Every record must come back unchanged, apart from the pictures, which are dropped.

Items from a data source
════════
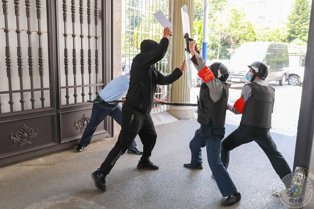 为贯彻落实上级关于校园安全工作相关要求,做好国庆、COP15期间校园安全稳定,确实维护师生生命安全。2021年9月30日上午学校举行反恐处突应急演练,学校马永文书记、校长,法治副校长、世纪城派出所副所长罗瑞海,渠志春副校长、鲍学良副校长,学校后勤保障中心等相关领导、部门出席了此次活动。
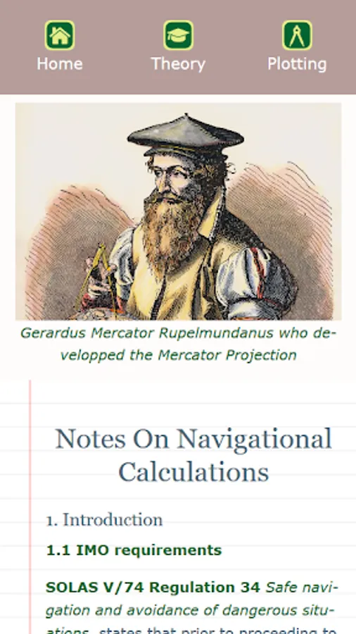 Our theory section is again a reference on nautical charts and on basic chart plotting. The introduction is about SOLAS and IMO requirements.
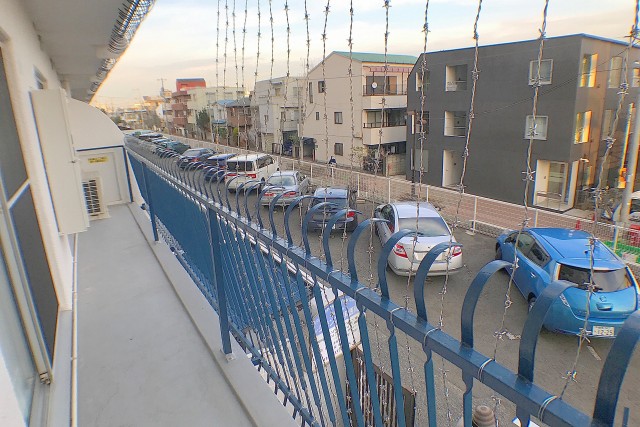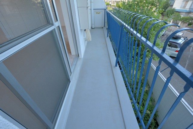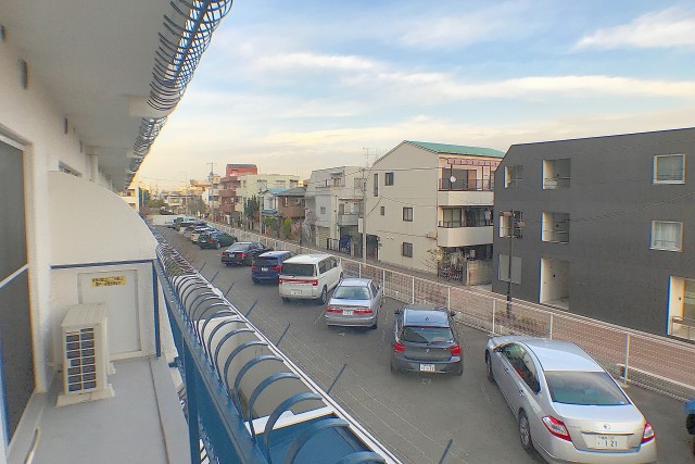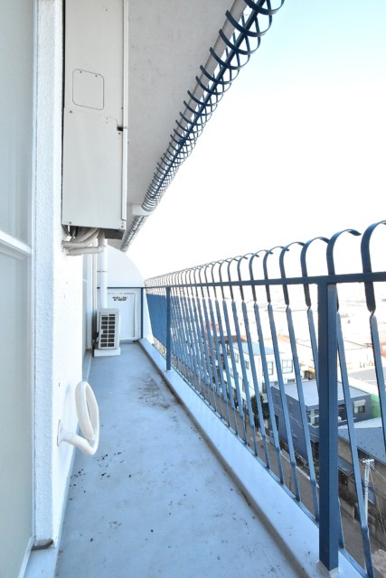南東向き。二部屋分の幅がある、手すりが下まで柵になった開放的なバルコニーです。私もそうですが、高い所が苦手な方は少し怖いかもしれませんね^^;)
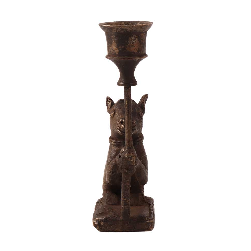 Add an incredible brass candle stand to your vintage collection. A brass squirrel statue holding a candle stand in folk art. This handcrafted artefact is carved from the best quality brass that will match your interior. Place this exquisite piece on your table, study desk, dining table or altar to attract your visitors or guests. Its alluring design will set it apart from other brass candle stands and add aesthetic flair to your interior. A beautiful collectible and incredible gift for your friends, family and acquaintances on any festive and special occasion.
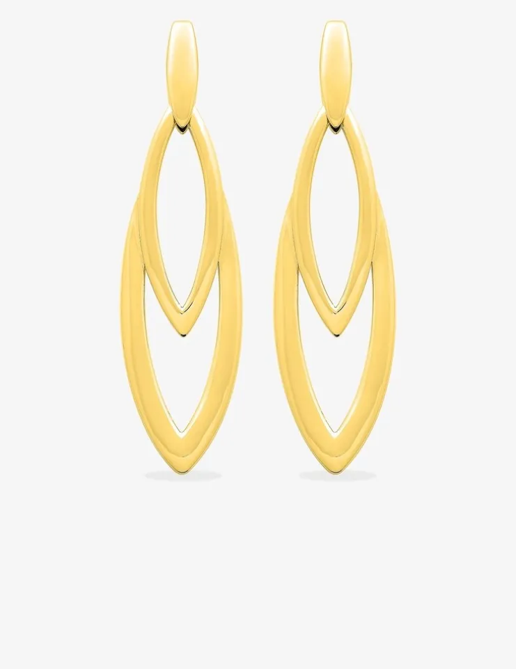 Craquez pour cette sublime paire de boucles d’oreilles pendantes plaqué or. Elles sont de forme ovale et sont imbriquées l’une dans l’autre. Elles se ferment grâce à un fermoir poussette.Une jolie paire de boucles d’oreilles.
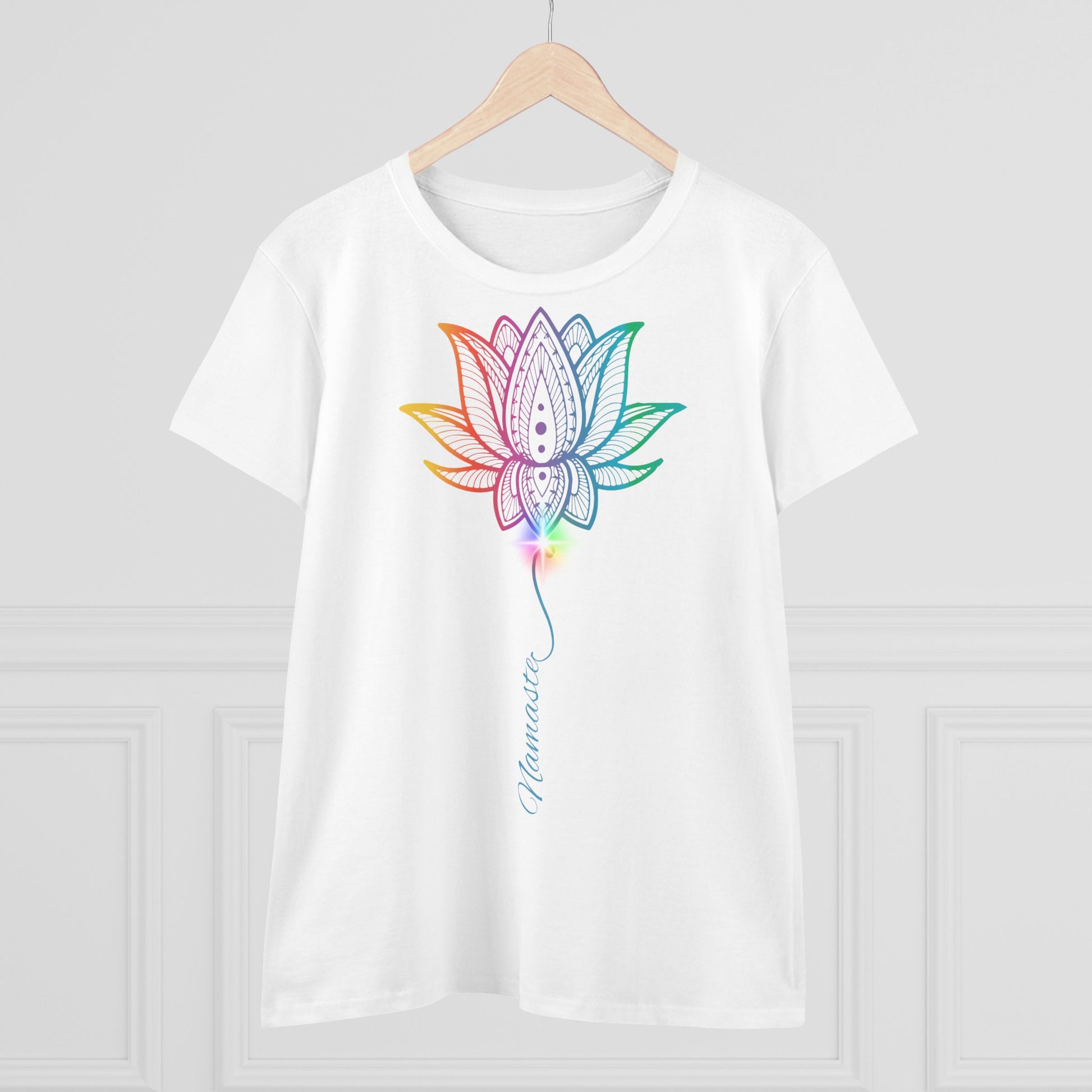 Elevate your casual wardrobe with this Women's Midweight Cotton Tee, perfect for any occasion. Featuring a serene lotus design, it exudes tranquility and positivity, making it ideal for yoga sessions, meditation, or simply lounging at home. This tee is not just a piece of clothing; it's a statement of mindfulness and self-care, appealing to wellness enthusiasts and those who cherish a balanced lifestyle. Its versatility shines through, making it suitable for everyday wear, as well as special events like yoga retreats, birthdays, or holiday gatherings. Celebrate yourself or gift it to a friend during occasions such as International Yoga Day or a cherished birthday, bringing a touch of elegance and comfort to their lives.
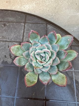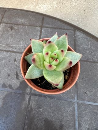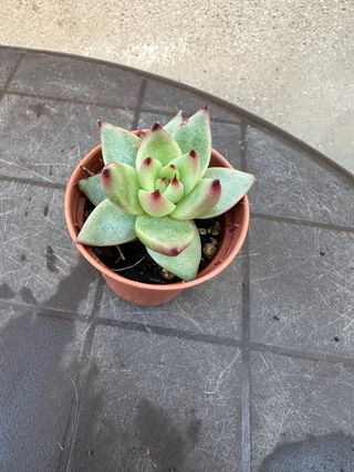 Planta suculenta Echeveria en maceta. - Hojas de color verde azulado con puntas rojas. - Aspecto compacto y roseta. - Ideal para coleccionistas de suculentas.
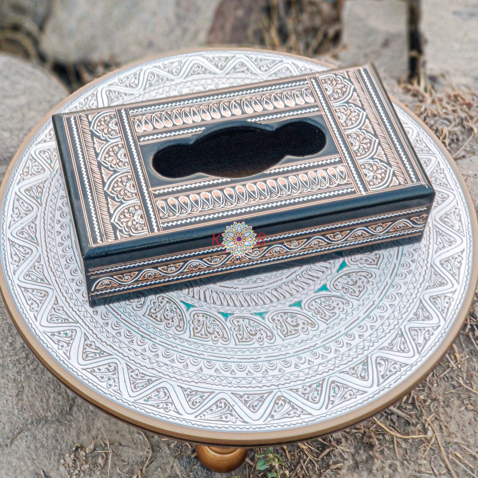 Look no further than Krafts Store's Black & Gold Tissue Box . This Tissue Box stand with Lacquer Art work (Naqshi / Naqashi ) is 11 x 5 inches and is designed to put stack of large size tissues. The elegant and long-lasting design makes this stand a great addition to any home.
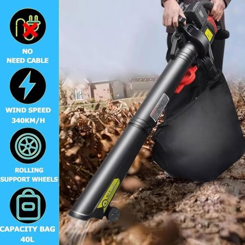 - 【Paquet】 Le souffleur de feuilles sans fil comprend 1 souffleur/aspirateur de feuilles, 2 batteries 40 V 4,0 Ah, 1 chargeur, 1 manuel d’utilisation, 1 sac de collecte de feuilles de 40 L, 1 bandoulière
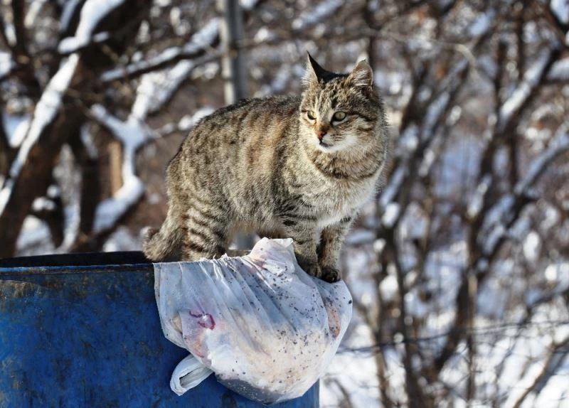 Van’ın Gevaş ilçesinde aç kalan kedilerin çöp konteynerlerinde yiyecek araması objektiflere yansıdı.
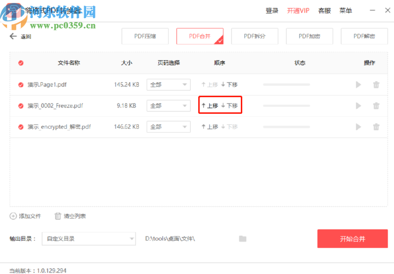 4.选择好想要合并的PDF文件之后在界面中点击上移或者下移按钮可以调整这些文件的合并顺序。
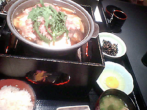 チョーさん来訪で、たまにはランチグルメするかとKDDIビル2F「つきじ植むら大手町店」。12時から店前で10分ぐらい待つ。「お次の方どうぞ」と店内席に座ってお目当ての「すき焼き定食」(1200円)。われわれのグルメなんてこんなもんだ。
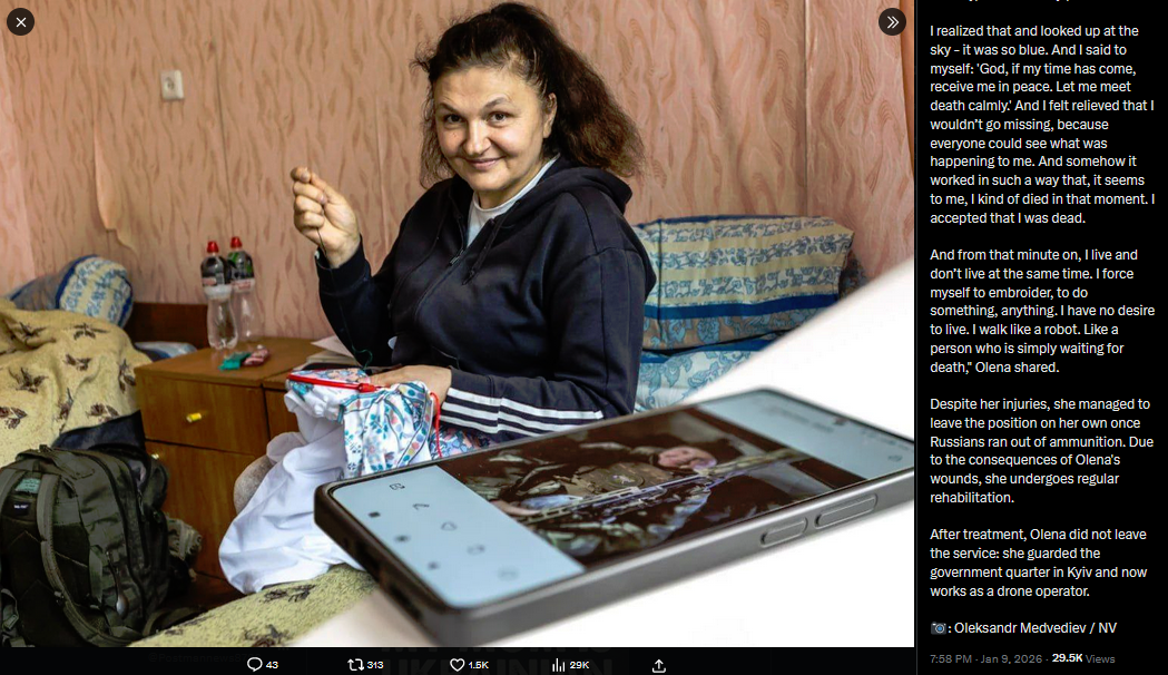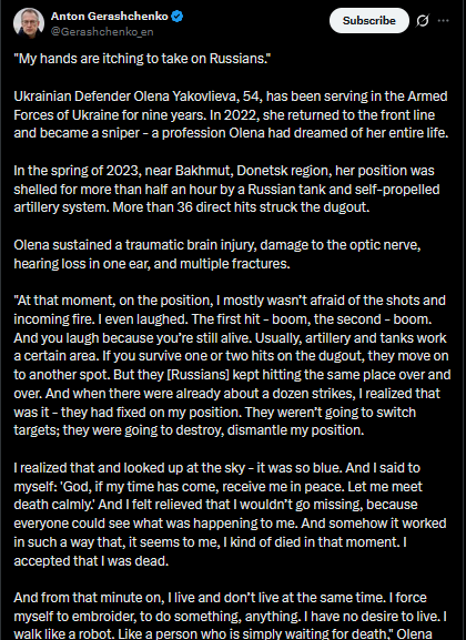 https://x.com/Gerashchenko_en/status/2009716497086832891?s=20>9th"My hands are itching to take on Russians."Ukrainian Defender Olena Yakovlieva, 54, has been serving in the Armed Forces of Ukraine for nine years. In 2022, she returned to the front line and became a sniper - a profession Olena had dreamed of her entire life.In the spring of 2023, near Bakhmut, Donetsk region, her position was shelled for more than half an hour by a Russian tank and self-propelled artillery system. More than 36 direct hits struck the dugout.Olena sustained a traumatic brain injury, damage to the optic nerve, hearing loss in one ear, and multiple fractures."At that moment, on the position, I mostly wasn’t afraid of the shots and incoming fire. I even laughed. The first hit - boom, the second - boom. And you laugh because you’re still alive. Usually, artillery and tanks work a certain area. If you survive one or two hits on the dugout, they move on to another spot. But they [Russians] kept hitting the same place over and over. And when there were already about a dozen strikes, I realized that was it - they had fixed on my position. They weren’t going to switch targets; they were going to destroy, dismantle my position.I realized that and looked up at the sky - it was so blue. And I said to myself: 'God, if my time has come, receive me in peace. Let me meet death calmly.' And I felt relieved that I wouldn’t go missing, because everyone could see what was happening to me. And somehow it worked in such a way that, it seems to me, I kind of died in that moment. I accepted that I was dead.>part 1
════════
Task result:
 为贯彻落实上级关于校园安全工作相关要求,做好国庆、COP15期间校园安全稳定,确实维护师生生命安全。2021年9月30日上午学校举行反恐处突应急演练,学校马永文书记、校长,法治副校长、世纪城派出所副所长罗瑞海,渠志春副校长、鲍学良副校长,学校后勤保障中心等相关领导、部门出席了此次活动。
 Our theory section is again a reference on nautical charts and on basic chart plotting. The introduction is about SOLAS and IMO requirements.
南東向き。二部屋分の幅がある、手すりが下まで柵になった開放的なバルコニーです。私もそうですが、高い所が苦手な方は少し怖いかもしれませんね^^;)
 Add an incredible brass candle stand to your vintage collection. A brass squirrel statue holding a candle stand in folk art. This handcrafted artefact is carved from the best quality brass that will match your interior. Place this exquisite piece on your table, study desk, dining table or altar to attract your visitors or guests. Its alluring design will set it apart from other brass candle stands and add aesthetic flair to your interior. A beautiful collectible and incredible gift for your friends, family and acquaintances on any festive and special occasion.
 Craquez pour cette sublime paire de boucles d’oreilles pendantes plaqué or. Elles sont de forme ovale et sont imbriquées l’une dans l’autre. Elles se ferment grâce à un fermoir poussette.Une jolie paire de boucles d’oreilles.
 Elevate your casual wardrobe with this Women's Midweight Cotton Tee, perfect for any occasion. Featuring a serene lotus design, it exudes tranquility and positivity, making it ideal for yoga sessions, meditation, or simply lounging at home. This tee is not just a piece of clothing; it's a statement of mindfulness and self-care, appealing to wellness enthusiasts and those who cherish a balanced lifestyle. Its versatility shines through, making it suitable for everyday wear, as well as special events like yoga retreats, birthdays, or holiday gatherings. Celebrate yourself or gift it to a friend during occasions such as International Yoga Day or a cherished birthday, bringing a touch of elegance and comfort to their lives.
 Planta suculenta Echeveria en maceta. - Hojas de color verde azulado con puntas rojas. - Aspecto compacto y roseta. - Ideal para coleccionistas de suculentas.
 Look no further than Krafts Store's Black & Gold Tissue Box . This Tissue Box stand with Lacquer Art work (Naqshi / Naqashi ) is 11 x 5 inches and is designed to put stack of large size tissues. The elegant and long-lasting design makes this stand a great addition to any home.
 - 【Paquet】 Le souffleur de feuilles sans fil comprend 1 souffleur/aspirateur de feuilles, 2 batteries 40 V 4,0 Ah, 1 chargeur, 1 manuel d’utilisation, 1 sac de collecte de feuilles de 40 L, 1 bandoulière
 Van’ın Gevaş ilçesinde aç kalan kedilerin çöp konteynerlerinde yiyecek araması objektiflere yansıdı.
 4.选择好想要合并的PDF文件之后在界面中点击上移或者下移按钮可以调整这些文件的合并顺序。
 チョーさん来訪で、たまにはランチグルメするかとKDDIビル2F「つきじ植むら大手町店」。12時から店前で10分ぐらい待つ。「お次の方どうぞ」と店内席に座ってお目当ての「すき焼き定食」(1200円)。われわれのグルメなんてこんなもんだ。
 https://x.com/Gerashchenko_en/status/2009716497086832891?s=20>9th"My hands are itching to take on Russians."Ukrainian Defender Olena Yakovlieva, 54, has been serving in the Armed Forces of Ukraine for nine years. In 2022, she returned to the front line and became a sniper - a profession Olena had dreamed of her entire life.In the spring of 2023, near Bakhmut, Donetsk region, her position was shelled for more than half an hour by a Russian tank and self-propelled artillery system. More than 36 direct hits struck the dugout.Olena sustained a traumatic brain injury, damage to the optic nerve, hearing loss in one ear, and multiple fractures."At that moment, on the position, I mostly wasn’t afraid of the shots and incoming fire. I even laughed. The first hit - boom, the second - boom. And you laugh because you’re still alive. Usually, artillery and tanks work a certain area. If you survive one or two hits on the dugout, they move on to another spot. But they [Russians] kept hitting the same place over and over. And when there were already about a dozen strikes, I realized that was it - they had fixed on my position. They weren’t going to switch targets; they were going to destroy, dismantle my position.I realized that and looked up at the sky - it was so blue. And I said to myself: 'God, if my time has come, receive me in peace. Let me meet death calmly.' And I felt relieved that I wouldn’t go missing, because everyone could see what was happening to me. And somehow it worked in such a way that, it seems to me, I kind of died in that moment. I accepted that I was dead.>part 1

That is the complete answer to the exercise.